Member of the Saskatchewan Legislative Assembly for North Battleford
- In office 20 October 1986 – 1 July 1996
- Preceded by: Myles Morin
- Succeeded by: Jack Hillson

Member of Parliament for The Battlefords—Meadow Lake
- In office 18 February 1980 – 4 September 1984
- Preceded by: Terry Nylander
- Succeeded by: John Kenneth Gormley

Personal details
- Born: 8 July 1950 (age 75) Meadow Lake, Saskatchewan, Canada
- Party: New Democratic Party
- Spouse: Mona Jane Karpenko (m. 6 November 1971)
- Profession: consultant, political assistant

= Douglas Anguish =

Canadian politician

Douglas Keith Anguish (born 8 July 1950) was a Canadian politician, consultant and political assistant. He served as a New Democratic Party member of the House of Commons of Canada.

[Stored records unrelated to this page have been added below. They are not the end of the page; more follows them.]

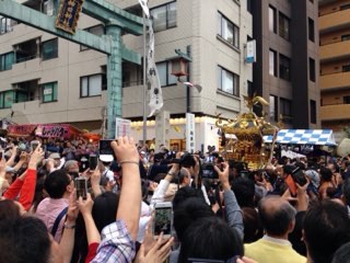 今年も人だらけで御神輿はほとんど見えないけど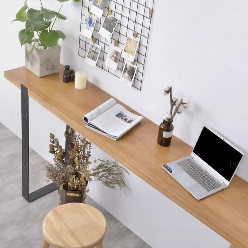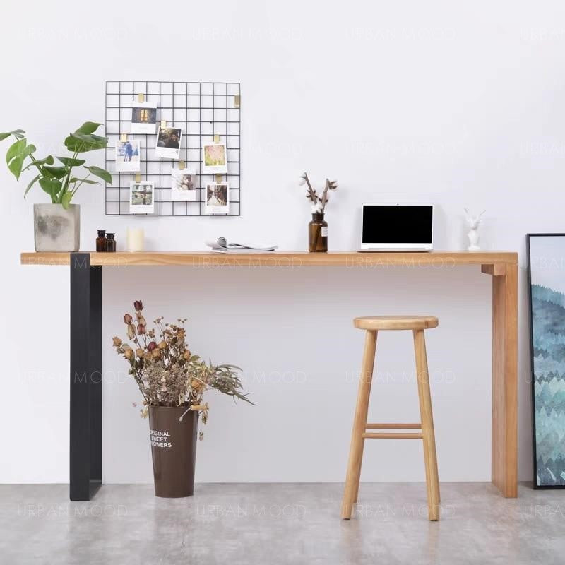 Sleek, chic and contemporary, the simplicity of this wooden bar top contrasts with an open wireframe and harmonizes with any modern interior and furnishing.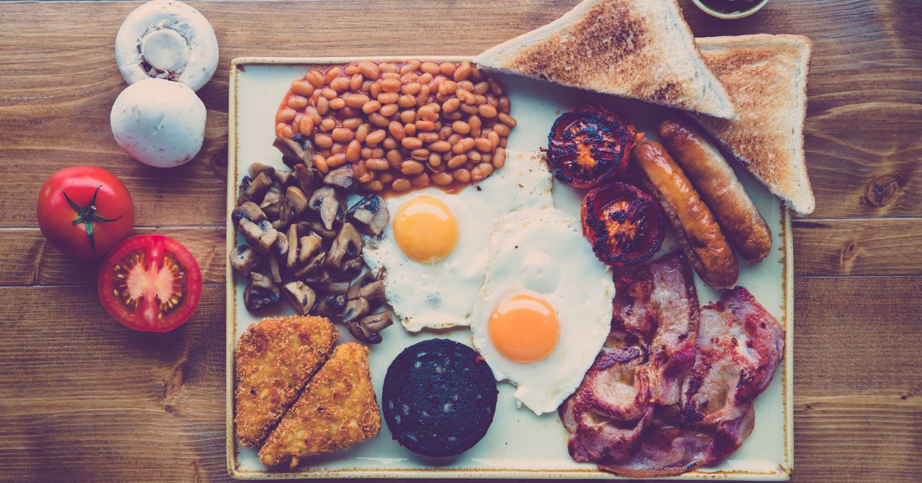 According to the English Breakfast Society, a full English consists of back bacon, eggs, British sausage, baked beans, fried tomato, fried mushrooms, black pudding and fried and toasted bread.

He was elected at The Battlefords—Meadow Lake electoral district in the 1980 federal election and served in the 32nd Canadian Parliament. He left politics following the 1984 federal election in which he was defeated by John Kenneth Gormley of the Progressive Conservative party.

In the 1986 Saskatchewan provincial election, Anguish won the North Battleford riding for the provincial NDP. He was re-elected there in 1991 when the NDP's Roy Romanow became premier. Anguish was re-elected in 1995, then resigned from provincial politics and his cabinet position on 1 July 1996 to seek other work.